Третья дорога - Никольский Борис (книга жизни .TXT) 📗
Потом все затихло, даже телевизор перестал работать, наверно, папа выключил его, принялся за газеты.
В коридоре хлопнула дверь, прозвучали мамины шаги, и мама вошла в комнату.
— Таня, ты еще не легла? А я думала, ты спишь… Ну, тем лучше. — Она подошла к Тане и положила руку ей на плечо. — Таня, я давно тебе хотела сказать, ты портишься прямо на глазах. Я даже не знаю, что и думать. Я всегда мечтала, чтобы у меня была воспитанная дочь, а ты сегодня… Мы как раз с папой собирались купить тебе часы, а теперь…
— И не надо! Не надо мне ваших часов! Ничего не надо!
— Таня, как ты разговариваешь с матерью! Прекрати сейчас же! Я завтра же пойду в школу и наконец выясню, кто на тебя так влияет!
— Ну и иди! Иди, пожалуйста! — выкрикнула Таня и заплакала.
Несколько минут мать молчала. Потом она осторожно тронула Танино плечо.
— Таня, я не понимаю, что с тобой происходит? Раньше ты была со мной откровенна, у нас не было друг от друга никаких секретов. А теперь мне кажется, что ты от меня что-то скрываешь…
— Девочки! — прокричал из соседней комнаты папа. — О чем вы шепчетесь? Раз, два, три, я иду подслушивать!
В первый раз Таня не ответила ему, как обычно, но он, видно, и не заметил этого, потому что снова зашуршал своей газетой.
А Таня молча глотала слезы, она ощущала на своем плече ласковую мамину руку, ощущала ее тепло, знала, что сейчас они помирятся, и в то же время с горечью и грустью угадывала, что это не последняя ссора, что впереди будут другие, что что-то уже изменилось и их отношения никогда уже не смогут стать такими же, как раньше…
Дети до шестнадцати
Глава 1. Еще бы мне не запомнить эту фамилию!

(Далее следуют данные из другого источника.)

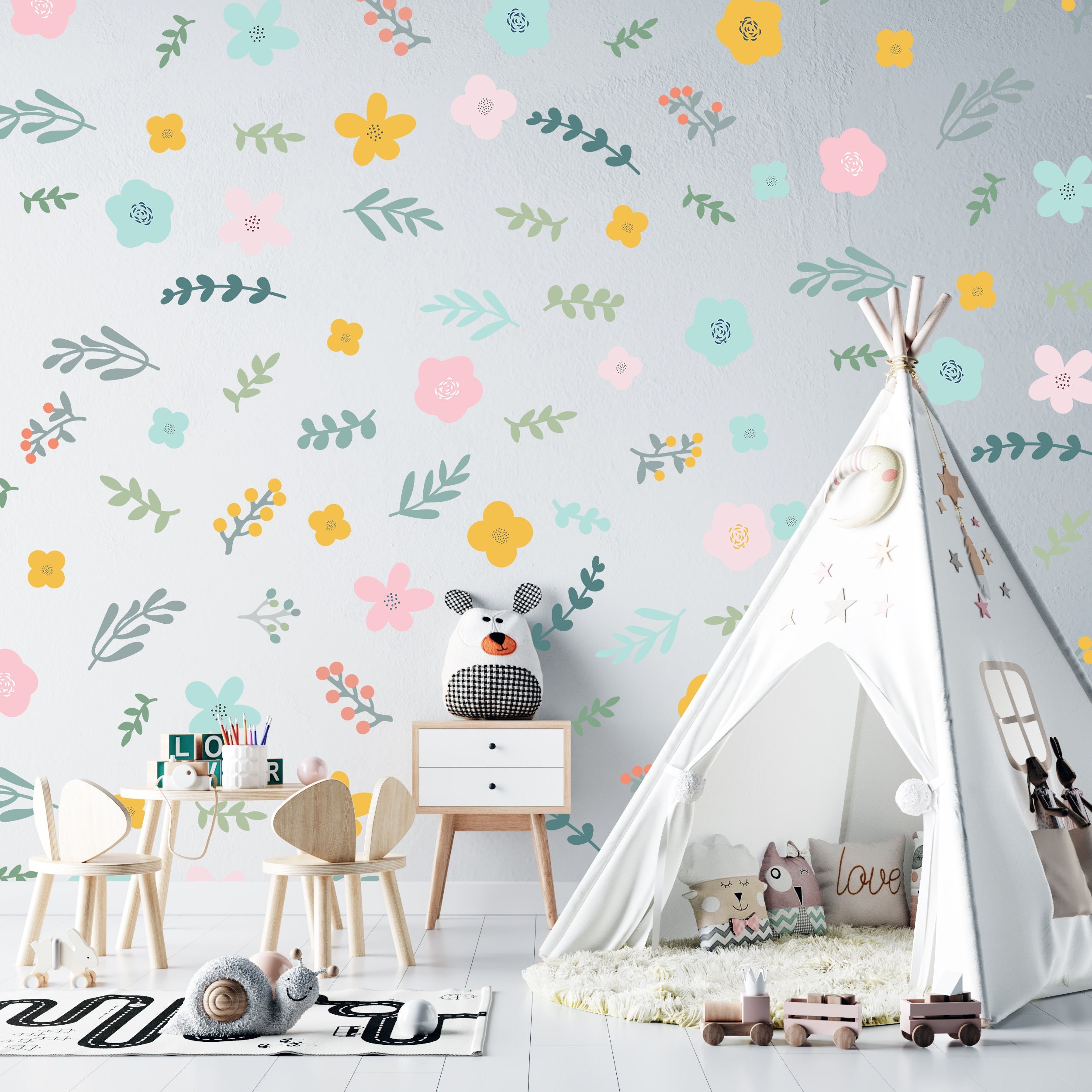 Greenery Wall Decals Flowers Sticker Nursery Room Decoration, LF063
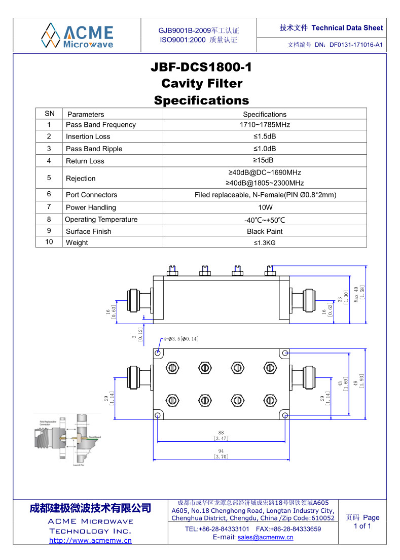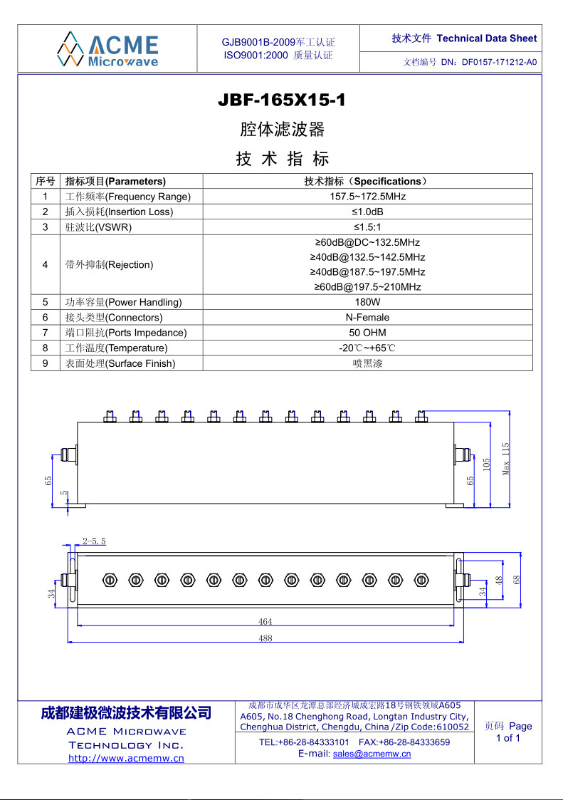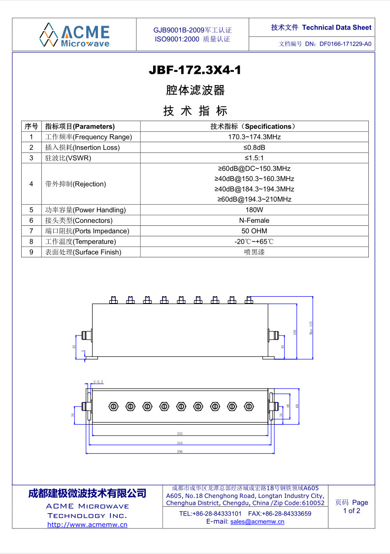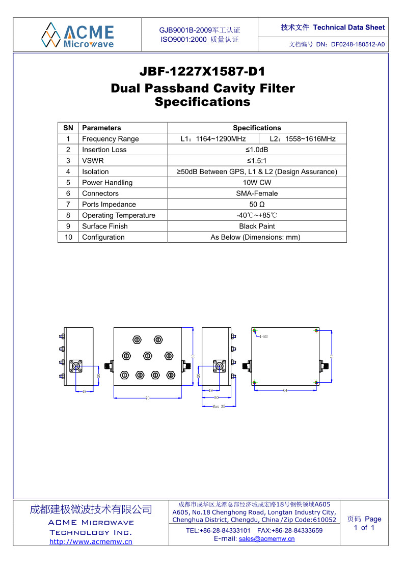 JBF-1227X1587-D1_Daul Passband Cavity Filter
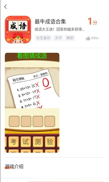 它对游戏的分类清晰明确,并且拥有非常精美的界面设计,让人感到非常舒适、简洁明了,包括益智、休闲、竞技、扑克、射击等等。
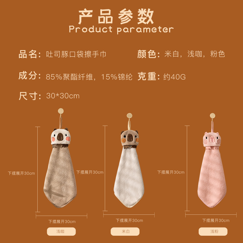水豚擦手巾挂式卡通可爱加厚厨房卫生间家用吸水速干儿童抹布毛巾
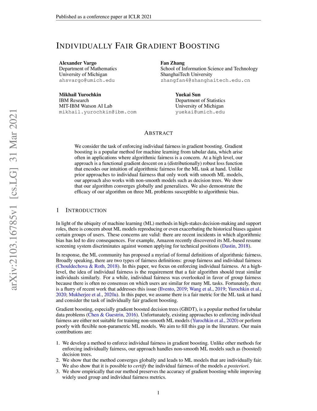 We consider the task of enforcing individual fairness in gradient boosting. Gradient boosting is a popular method for machine learning from tabular data, which arise often in applications where algorithmic fairness is a concern. At a high level, our approach is a functional gradient descent on a (distributionally) robust loss function that encodes our intuition of algorithmic fairness for the ML task at hand. Unlike prior approaches to individual fairness that only work with smooth ML models, our approach also works with non-smooth models such as decision trees. We show that our algorithm converges globally and generalizes. We also demonstrate the efficacy of our algorithm on three ML problems susceptible to algorithmic bias.
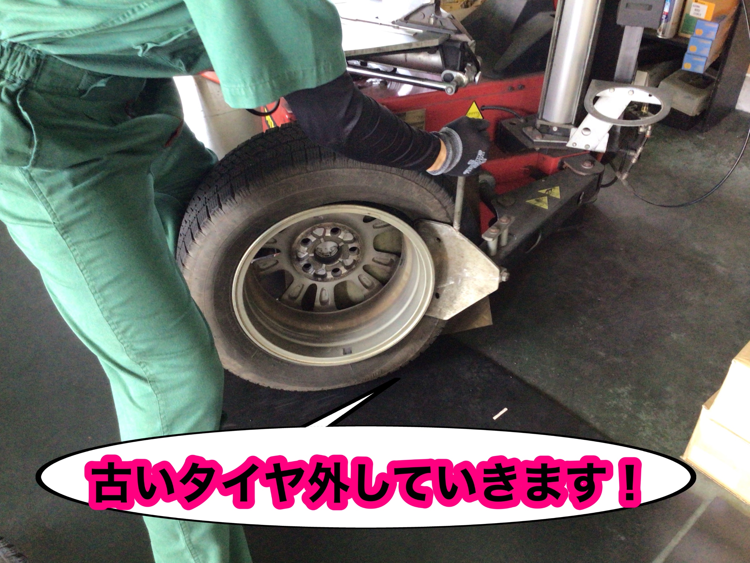 お持ち頂いたタイヤを下ろします!
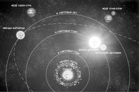 [8] Обыгрываются «звёздные рейды» в Солнечную систему (подробнее Часть 7. Глава 3) и звезда Барнарда, находящаяся в данный момент на расстоянии почти 6 световых лет от Солнца. Звезду Барнарда называют летящей звездой, в 11 800 году она достигнет минимального расстояния до Солнца — 3.8 светового года.
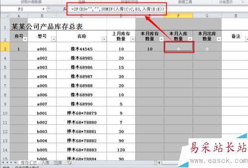 F3單元格中輸入此公式: =IF(B3="","",SUMIF(入庫!C:C,B3,入庫!E:E))
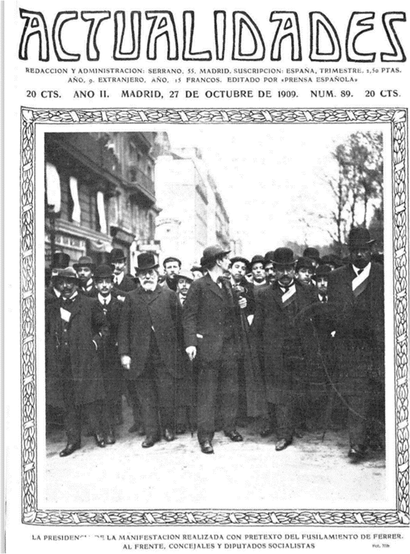 The international outrage over Ferrer’s execution initially led to demands for justice, with foreign protests preceding any action by the Spanish Left. These foreign protests resulted in the resignation of Prime Minister Maura on October 22, 1909, as he had refused to seek a pardon from the king. Spanish press coverage highlighted protests in major cities, especially in neighboring France. Surprisingly, within Spain itself, where Ferrer had few friends among left-wing communities, there was minimal mobilization to prevent his sentencing or protest against it53. Notably, three Spanish weeklies at the time—Actualidad, Actualidades, Nuevo Mundo, and Blanco y Negro—published photographs of the events.
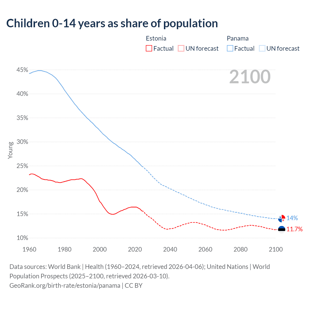 According to the latest available data on birth rates, the fertility rate in Estonia was 1.31 children per woman in 2023, compared to 2.12 in Panama in 2023. The replacement level is considered to be 2.1 children per woman.
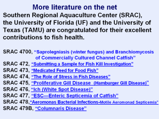UF/IFAS Fact Sheet FA-114 Common Freshwater Fish Parasites Pictorial Guide: Acanthocephalans, Cestodes, Leeches, and Pentastomes. http://edis.ifas.ufl.edu/FA114 UF/IFAS Fact Sheet FA-115 Common Freshwater Fish Parasites Pictorial Guide: Crustaceans. http://edis.ifas.ufl.edu/FA115 UF/IFAS Fact Sheet VM-104 Cryptobia iubilans in Cichlids. http://edis.ifas.ufl.edu/VM077 UF/IFAS Fact Sheet VM-67 Management of Hexamita in Ornamental Cichlids. http://edis.ifas.ufl.edu/VM053 UF/IFAS Fact Sheet VM-77 Use of Formalin to Control Fish Parasites. http://edis.ifas.ufl.edu/VM061 UF/IFAS Fact Sheet VM-78 Bath Treatment for Sick Fish. http://edis.ifas.ufl.edu/VM037 UF/IFAS Fact Sheet VM-85 "Red Sore Disease in Game Fish. http://edis.ifas.ufl.edu/VM059 UF/IFAS Fact Sheet VM-86 Use of Salt in Aquaculture. http://edis.ifas.ufl.edu/VM007 UF/IFAS Fact Sheet VM-87 Sanitation Practices for Aquaculture, http://edis.ifas.ufl.edu/AE081 |
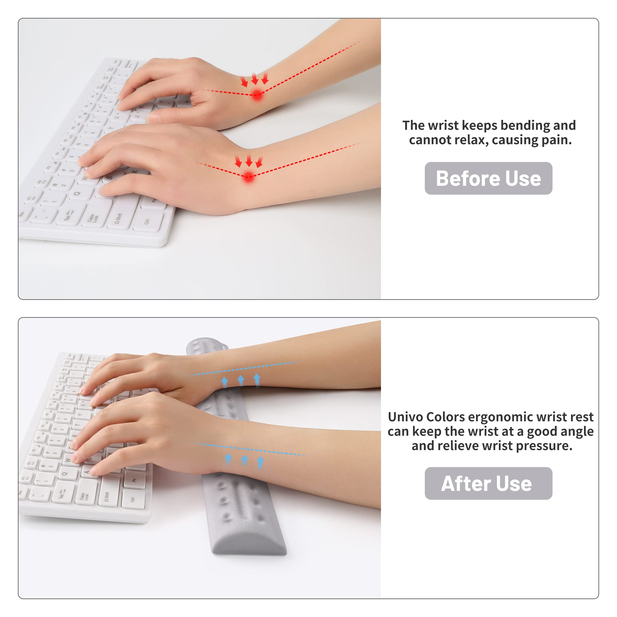【送料無料】UnivoColors キーボードリストレスト 疲労低減 柔らかい素材 ストレス解放 マッサージホール付き 手首置き 通気性 あり 肌に刺激なし 人間工学デザイン 滑り止め(グレー)
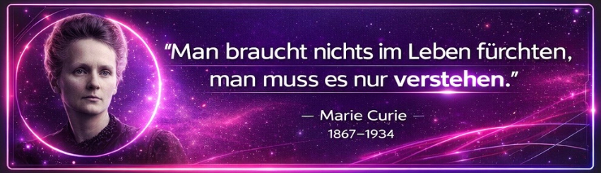 Frei nach Marie Curie: Wenn wir unsere Talente entdecken und mutig denken, verdoppeln sich Selbstvertrauen und Kraft.
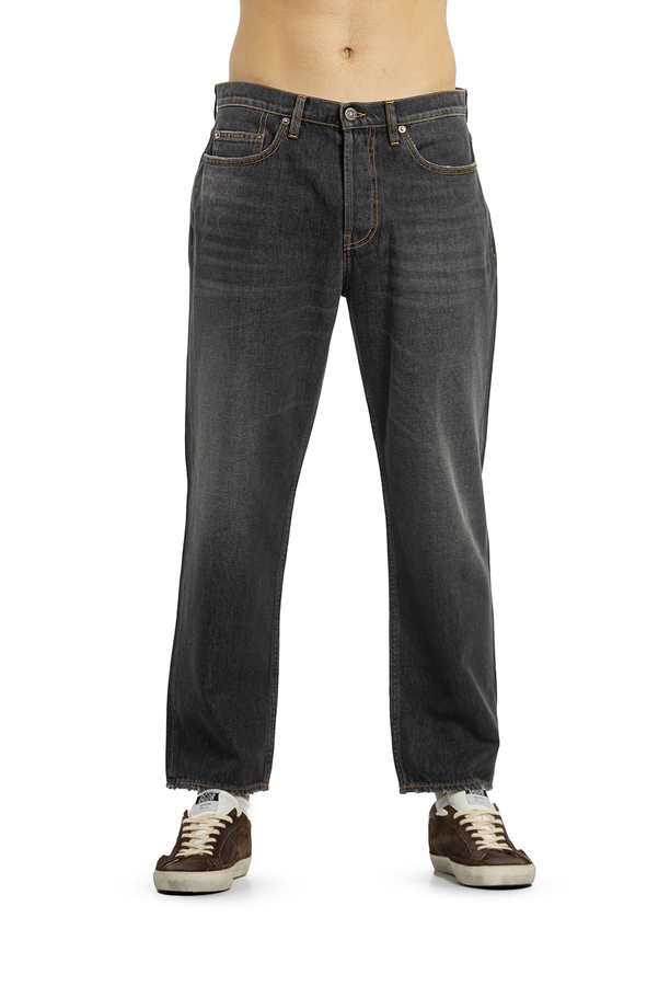 - Джинси з класичними п’ятьма кишенями, ефект потертості, шлевки для ременя
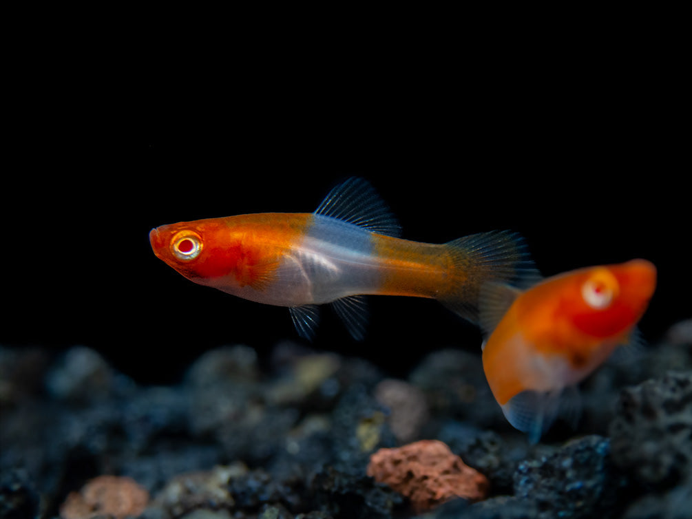 The Albino Koi Kohaku Swordtail (Xiphophorus helleri) is a rather uncommon and very colorful swordtail variation that has extremely vivid orange and white/silver koi-like coloration. As is typical with swordtails, males often have a long "sword" extension at the bottom of the tail, although some females can also develop a sword. Reliable sexing can be done by checking the anal fin area for the male gonopodium, a tube-like organ used in fertilization during spawning. Like most swordtail varieties, the Albino Koi Kohaku Swordtail is a variant of the wild Green Swordtail (Xiphophorus helleri), but it also has genetics of other Xiphophorus species (such as X. maculatus and X. variatus platy varieties) to achieve new color patterns.

По вечерам, как только начинает темнеть, мы все, всей нашей компанией, собираемся во дворе, возле шестой парадной.
Первыми обычно приходят Эрик и Витёк. Эрик приносит «Спидолу», он крутит ручку настройки, стараясь отыскать что-нибудь стоящее, а Витёк молча стоит рядом, сунув руки в карманы, поглядывая по сторонам.
Двор наш огромный, как площадь, асфальтированный, с клумбой и детской площадкой посередине, с приземистым зданием котельной в дальнем углу. Оттуда, из дальнего угла, из семнадцатой парадной, появляется Вадик. Он идет не спеша, словно вышел просто так прогуляться, словно и не замечает ни Эрика, ни Витька. Он самый старший из нас, единственный обладатель паспорта, но в то же время самый низкорослый — едва достает до плеча Эрику, который уже успел вымахать за метр семьдесят. Поэтому с Вадиком вечно происходят всякие неприятности и недоразумения, когда мы отправляемся в кино. Мы все, конечно, уже ходим на фильмы, которые детям до шестнадцати смотреть не разрешается, и на вечерние сеансы тоже ходим, ничего, пускают. Только Вадика обычно задерживает билетерша. И Вадик так обижается каждый раз, так злится — я вижу, его все время подмывает сказать: «А этих что же вы пропустили? Лучше у них паспорта спросите!» Он еле сдерживает себя. А тут еще мы начинаем отпускать всякие шуточки: «Куда ты, мальчик, тебе пора спать!», «Иди домой в кроватку, не мешай взрослым дядям смотреть кино…» — и при этом гогочем так, что на нас начинают оборачиваться. Мы-то знаем, что его все равно пропустят, как только он покажет паспорт. Раз есть паспорт, как могут не пропустить… Я думаю, он когда-нибудь все-таки не выдержит, не вынесет всех наших издевательств и выдаст нас, накапает на нас контролеру. Единственная надежда, что это случится не скоро, может быть, и мы к тому времени обзаведемся паспортами…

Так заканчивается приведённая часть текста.